Another group of programmers started experimenting with website design in such a way that they could change how a website looks based on the size of the screen. The web design would respond and adjust itself accordingly for a large, medium, or small screens.
Enter the "responsive" website design; by the end of 2012, Google was now publishing an official blog post saying that the mobile web page and the desktop web page should use the same URL with the same extension. In other words, Google was now saying they would more highly rank a website with a responsive design.
Google posts official blogs all the time to explain how they are going to do thing, or what they feel is good. Every department in Google has their own official blog and each official blog is very selective in what they post. They know they are closely watched by investors and those of us who use Google's products and services to better our businesses.
Here are 4 of the Google blogs I personally read, and why:
This is Google's main company blog that tells the best of what's happening at Google. Sometimes it's new technology, sometimes it's new software, and sometimes they have "feel good" stories. I use many of their posts to keep me informed of how Google is used in the world.
This is a technical blog about the software called Google Webmaster Tools. Inside this blog, they explain how to use the software and what changes they have recently made to the software. From an SEO professional's point of view these blogs tell me what Google wants, and therefore how a website needs to be changed.
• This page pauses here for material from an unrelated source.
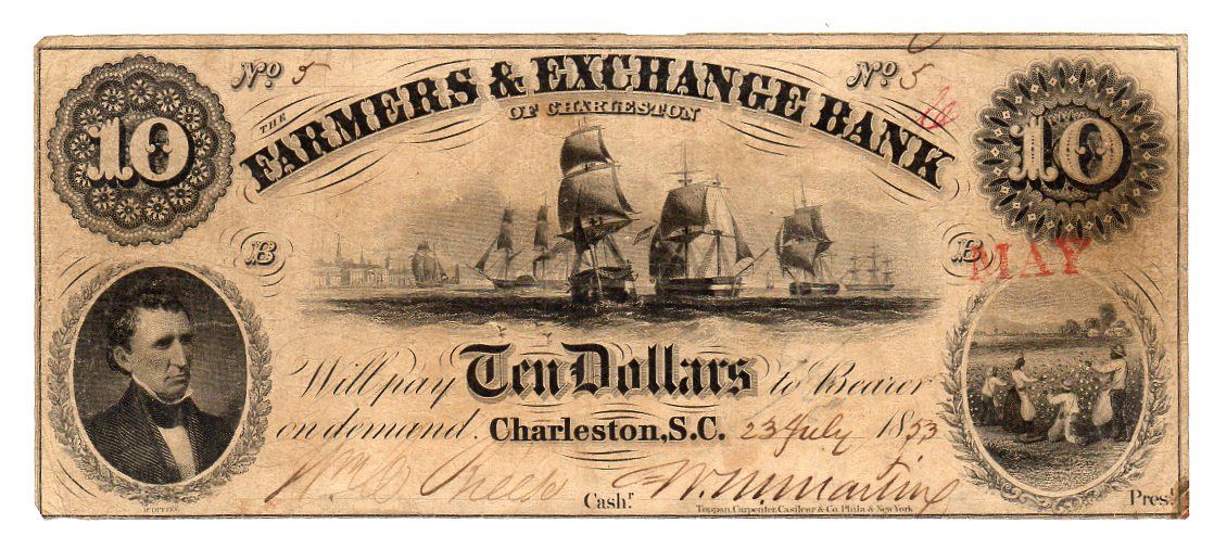 One 1853 $10 The Farmers & Exchange Bank Obsolete Note.

Whenever I sit down to read this blog I know I have to put my thinking cap on. This one is sometimes written for the non technical person and simply explains new search features, but other times there are technical posts about changes to how search works. I look at each post and try to figure out exactly how Google is gathering the data to make those new features work. Those data gathering methods are what drives the need for changes in how search engine optimization works.
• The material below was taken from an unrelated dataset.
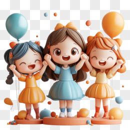 3D立体风格聚会开派对三位可爱女孩免抠元素
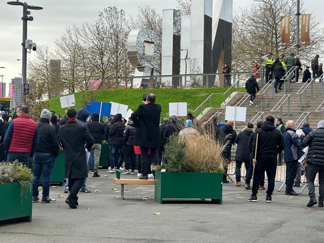 Megjithatë forcat e rendit të Britanisë së Madhe kanë marrë masat, duke vendosur një distancë të kontestatorëve me ata që duan të marrin pjesë në tubim. Janë vendosur pengesa metalike dhe po mbahen larg të dy palët. Takimi nis pas pak në Parkun Olimpik Queen Elisabeth.

There's a large WOW factor in this blog. It's not structured like a regular blog and it's more enjoyable to read and watch. This is the public dissemination of research that Google participates in as well as interviews of thought leaders, and creative marketing examples. I've been following this blog since 2010 and I've learned that the insights they post here will often times affect changes in other Google software or search features. This really is the blog to read for insights into the future of search.
It's difficult to easily explain why search engine optimization changes so much and so often--and why a business needs to keep paying for SEO services once they've reached top ranking. I read several other, more technical, official Google blogs as well to guide me in how I should be doing my own research and what I should be writing about next.
The real difficulties with search engine optimization are learning how to use technology, online marketing, and continual content creation to serve your customers better. Reading these blogs helps you keep on top of what your customers want. The SEO challenge is continually figuring out the best ways to show Google Search that you are answering your customer's needs.
It takes a lot of technical knowledge mixed in with creativity to answer the modern day call of SEO. Small businesses can accomplish the standard basics, but the best SEO is done by the professionals.